False alarm RC kernels. (A) Detection kernels of different trial types for pooled subject data. Shaded regions indicate the standard error of the mean. Arrows indicate the kernel start point. Dashed line indicates baseline click rate. Data is combined from all subjects. (B) The average deviation in click rate from the baseline preceding a false alarm for increasing and decreasing trials. Error bars indicate 95% confidence intervals. N = 9 subjects.

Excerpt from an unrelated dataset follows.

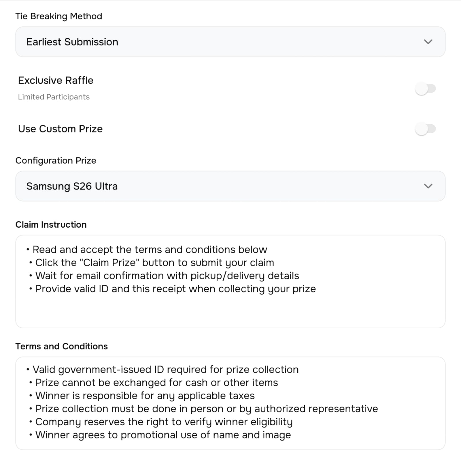 Configure Additional Raffle Settings
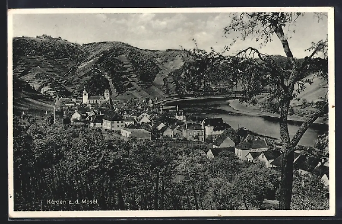 AK Karden a. d. Mosel, Ortsansicht mit Kirche und Mosel

The starting points of the RC kernels serve as an estimate for the timescale of evidence evaluation. For example, an earlier starting point indicates a longer timescale. We found that the starting points of the RC kernels for increasing trials was slightly shorter in the informed condition at −0.80 s (CI: −0.81 to −0.77) than the uninformed condition at −0.82 s (CI: −0.85 to −0.79). In decreasing trials, the start time of the informed condition was significantly shorter at −0.49 s (CI: −0.50 to −0.47, p < 0.05) than the uninformed condition at −0.80 s (CI: −0.83 to −0.77). In sum, the RC kernels suggested that subjects may adjust both decision bounds and decision filters in the different conditions.

Model-based analysis

To further characterize the behavioral adjustments suggested by our model-free analyses, we fit subject responses to a sequential sampling behavioral model that parametrizes both decision filters and bounds. In general, these models predict a response time for a given stimulus by estimating the value of a decision variable over time and responding when the decision variable crosses a detection bound. Specifically, our model estimates the decision variable by convolving stimulus clicks with an exponential detection filter, and computes the response time by adding a non-decision time component to the bound crossing time to account for sensory and motor delays in responding. Thus, our model includes five free parameters: filter width, noise amplitude, bound, non-decision time, and non-decision time variability (see methods). In total, three separate models were fit to trials grouped by cue (informed increase, informed decrease, and uninformed) from both individual and combined subject data. Informed models contained a single process to detect either increasing or decreasing stimuli depending on the cue (Fig. 5A), whereas uninformed models contained two separate processes to detect both increasing or decreasing stimuli (Fig. 5B). Each model was fit to the behavioral data by maximizing the likelihood that the subjects’ response times could be produced by the model parameters.

Figure 5
figure 5

Model schematic. (A) Model schematic for informative trials. A decision filter is convolved with the stimulus to generate the decision variable. When the decision variable crosses the detection bound, a choice is made. (B) Model schematic for uninformative trials. The stimulus may be either increasing or decreasing. Either a shared filter can be used regardless of increasing or decreasing stimuli (top) or two different filter widths can be used simultaneously (bottom).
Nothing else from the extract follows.